Впрочем, думает он, присяжных не будет. Суда не будет. Они проведут через парламент билль о лишении прав и покончат со мной. Не мне на это жаловаться – я сам к такому прибегал.
Рич хмурится:
– Было кольцо. Как я понимаю, летом тысяча пятьсот тридцать шестого года вы подарили Марии кольцо.
– Но не в знак любви. И в итоге она носила его не как кольцо, а как украшение на поясе. – Он закрывает глаза. – Потому что оно было слишком тяжелое. Слишком много слов.
– Каких слов? – спрашивает Норфолк.
– Восхваляющих послушание.
Гардинер разыгрывает изумление:
– Вы считали, что она должна вас слушаться?

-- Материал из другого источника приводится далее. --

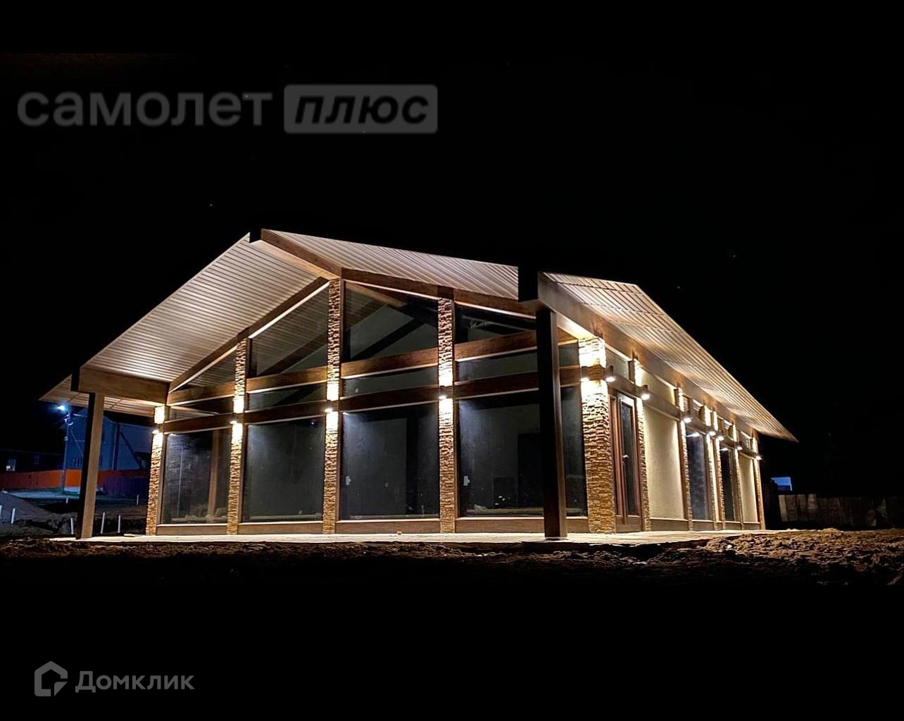 По периметру установлена красивая подсветка дома.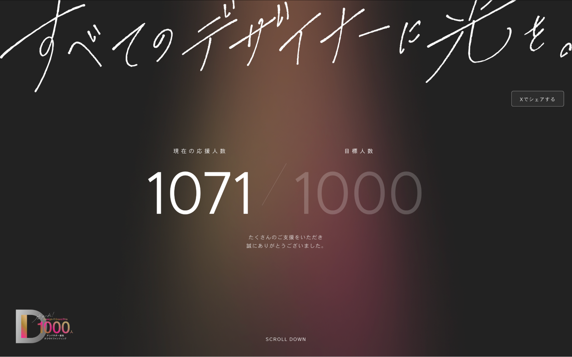 たくさんの方のご支援やSNSでのシェアに助けられ、合計1071人にご支援いただくことができました。無事Design-1グランプリが開催できたのは、応援いただいたみなさまのおかげです。心よりお礼申し上げます。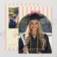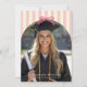 A soft and feminine graduation design featuring classic pink stripes, a delicate bow accent, and a clean photo-focused layout. The combination of structured preppy elements with subtle coquette styling creates a look that feels both playful and elevated.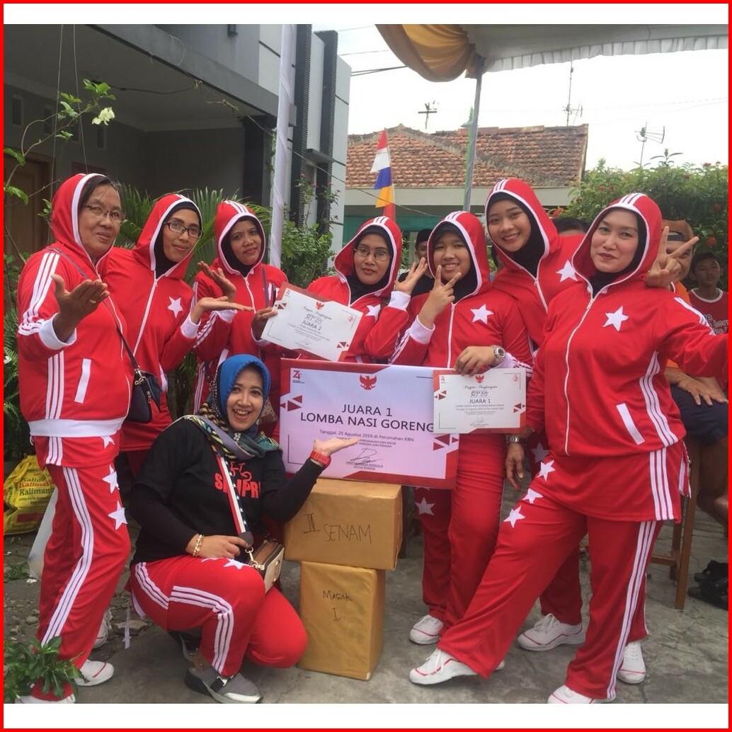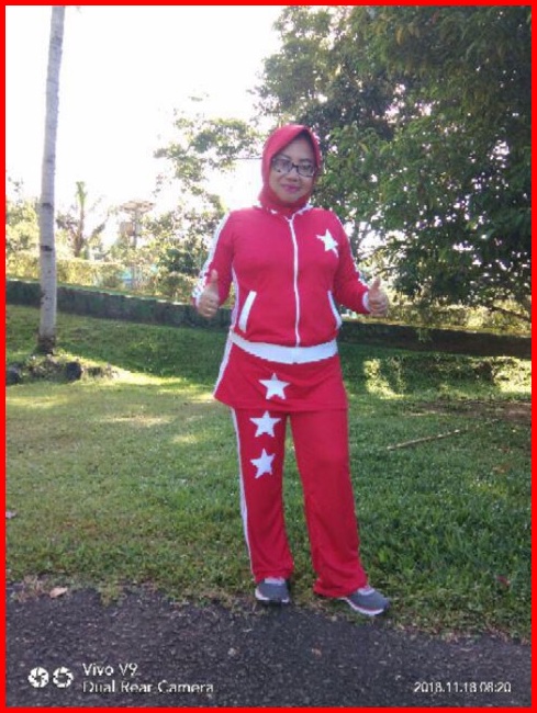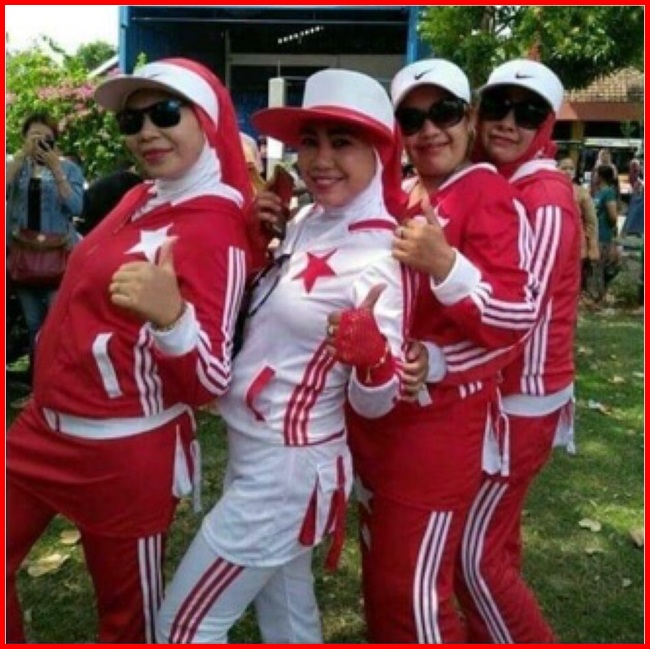 Stelan Baju Senam Aerobic Zumba Outdoor Panjang Muslimah Hijab Cycling Rok Merah Putih

– Я считал, она должна слушаться отца. И я показывал этот предмет его величеству. Счел это разумной предосторожностью на случай обвинений, какие сейчас выдвигаете вы. Королю кольцо так понравилось, что он забрал его и сам подарил дочери.
Ризли опускает взгляд:
– Чистая правда, милорд. Я при этом присутствовал.

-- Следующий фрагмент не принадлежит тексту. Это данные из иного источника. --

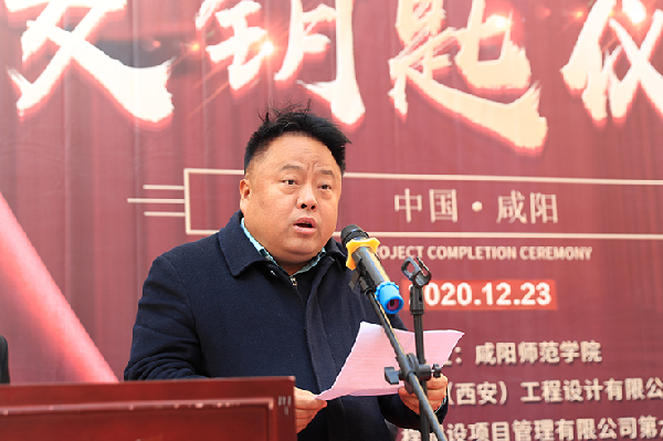 武剑代表渭城区政府致辞,他指出多层住宅的电梯加装工作,是响应国务院、省、市老旧小区改造、提升更新城市工作的重要内容和重点项目,也是改善居民生活环境和品质的民生工程。在学校党委和渭城区委区政府高度重视和大力支持下,双方相关部门和施工单位通力配合,整体联动,不断优化完善工程细节,保证工程质量,确保了加装工程的顺利验收交付,真正做到便民、惠民。他希望双方继续秉承“校地合作、共建共赢”的发展理念, 凝聚工作合力,相互支持、加强合作、砥砺前行,共同谱写校地高质量发展的华美篇章。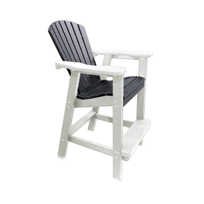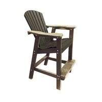 Entertain in style with this Adirondack-style bar height chair which is so comfortable you will not want to get up! Nice wide "step" to rest your legs on while enjoying the sit! Matching bar height or tete-a-tete tables sold separate. Perfect Choice Furniture chair seats and backs are machined out of one piece of poly-lumber material making them extra durable. Poly-lumber 1" thick arms and 1-1/2" thick legs. Seats and backs are completely assembled, just attach the legs and the arms. Guaranteed to not crack, split or fade under "normal" residential use for 10 years (ASSEMBLY REQUIRED)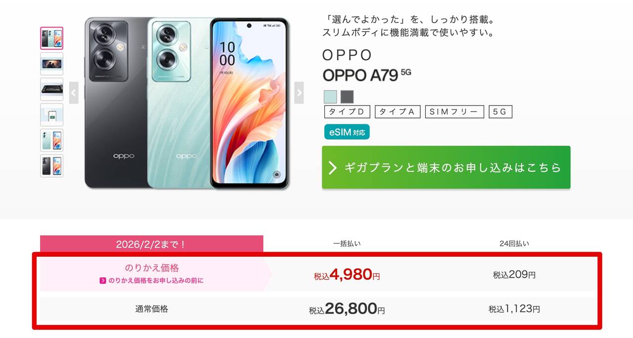 ▼一方でこっちの製品は「のりかえ価格(MNP)」は端末価格がガッツリ割り引かれて4,980円になってますが、通常価格の割引はありません。なので端末のみ購入する場合の価格は26,800円なので旨味はありません。↓

Рич с ненавистью косится на Ризли:
– И все равно, объем вашей переписки с леди Марией, ваше неоспоримое на нее влияние, характер сведений, которыми она с вами делилась, сведений, касающихся ее телесной…
– Вы хотите сказать, она жаловалась мне на зубную боль?
– Она сообщала вам то, что приличествует знать врачу. Не постороннему человеку.